Designing prompts for production: system, developer, and user layers
Production prompts are not 'tell the AI what you want'. They are a layered system — stable instructions, dynamic context, per-call variables — managed like code. The architecture, the patterns, and the discipline that distinguishes production from prototype.
Outcome: Separate system, developer, and user instructions and test production prompts as versioned system components.
In a prototype, a prompt is a string you wrote one afternoon. In production, that approach falls apart in roughly the first month.
You'll want to change one part of the instructions but not others. You'll want different behavior for different customer tiers. You'll want to A/B test versions. You'll want to roll back when something breaks. You'll want to know when the prompt last changed, and why.
A production prompt system handles all of this. It's not "write a string." It's an architecture.
This article covers what that architecture looks like — the three layers, the templating discipline, the version control, the evaluation, and the operational practices that turn prompts from artifact into infrastructure.
Production prompt work has two separate artifacts: reusable templates and per-request data. Version templates like code. Treat rendered prompts and model responses as sensitive logs whenever they contain user, customer, or internal data.
The three layers
Production prompts have three distinct layers, each with different concerns:
System layer. Stable behavior, identity, constraints. Changes rarely. Owned by the team designing the AI behavior.
Developer layer. Per-feature instructions, tool descriptions, output format requirements. Changes when features change. Owned by the feature team.
User layer. The user's specific request, plus dynamic context (their data, conversation history, retrieved knowledge). Different every call.

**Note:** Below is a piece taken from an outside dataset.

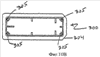 Нижняя часть коробки 16 герметично закрыта крышкой 310, которая показана на виде сверху и в вертикальной проекции соответственно на фиг.11А и 11В. Крышка 310 защелкивается поверх фланца 304, обеспечивая защиту бумажной подложки, используемой для герметизации адаптирующейся верхней части 300. Крышка 310 снабжена штифтами 311, которые могут входить в соответствующие отверстия 305 адаптирующейся верхней части другой упаковочной коробки. Таким образом, эта конструкция со штифтами и отверстиями может быть использована для вертикальной укладки одной упаковочной коробки поверх другой.
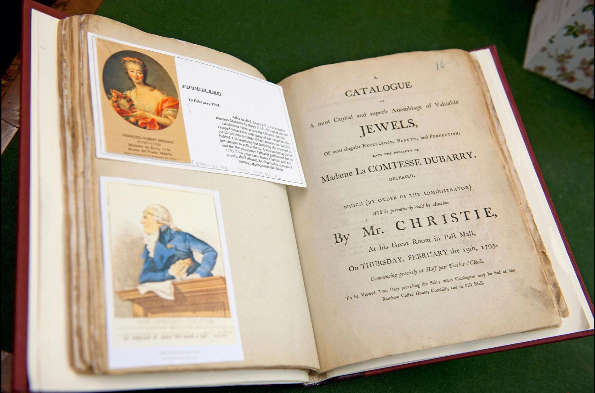 Catalogue de la vente de la collection de bijoux de Madame du Barry, le 19 février 1795, conservé dans les archives de Christie's. Courtesy of Christie's, D.R.

Mixing these is the most common production prompt mistake. The system prompt grows to 5,000 words mixing identity, feature instructions, and dynamic context, and now changing one thing breaks others.
Separating them is foundational:
┌─────────────────────────────────────┐
│ System prompt (stable) │ Identity, behavior, hard constraints
├─────────────────────────────────────┤
│ Developer prompt (per-feature) │ Feature instructions, tools, format
├─────────────────────────────────────┤
│ User prompt (per-call) │ User query, context, conversation
└─────────────────────────────────────┘The model APIs explicitly support this:
- OpenAI:
system,developer,userroles. - Anthropic:
system, thenmessageswithuserandassistantroles. Tool descriptions are a separate parameter. - Gemini:
systemInstruction, thencontentswith roles.
Use these distinctions intentionally.
Layer 1: The system prompt
The system prompt defines who the AI is and how it behaves. It changes rarely.
A good system prompt covers:
Identity. Who the AI is. "You are an AI assistant for [Company], specializing in [domain]."
Voice and style. How it should sound. Specific traits, not vague descriptors.
Hard constraints. Things it must never do. Output certain content, make certain decisions, ignore certain instructions.
Behavioral patterns. How it handles common situations. Refusals, escalations, uncertainty.
Safety and compliance. Required disclosures, regulatory rules, content policies.
What it should NOT contain:
- Feature-specific instructions ("for sales emails, do X").
- Dynamic context ("the user's order history is...").
- Tool descriptions (those go elsewhere).
- Things that change frequently.
A good system prompt is 300-1000 words. Longer and it becomes hard to manage; shorter and you're under-specifying behavior.
A template that works:
You are [name], an AI assistant for [company / context].
## Your role
[2-3 sentences on what you do]
## Voice and style
- [Specific trait 1]
- [Specific trait 2]
- [Specific trait 3]
- Do not [anti-pattern 1]
- Do not [anti-pattern 2]
## Hard constraints
- Never [hard rule 1]
- Never [hard rule 2]
- Always [hard rule 3]
## How to handle uncertainty
- If you don't know something factual: say so explicitly.
- If a user asks for something outside scope: offer what you can help with.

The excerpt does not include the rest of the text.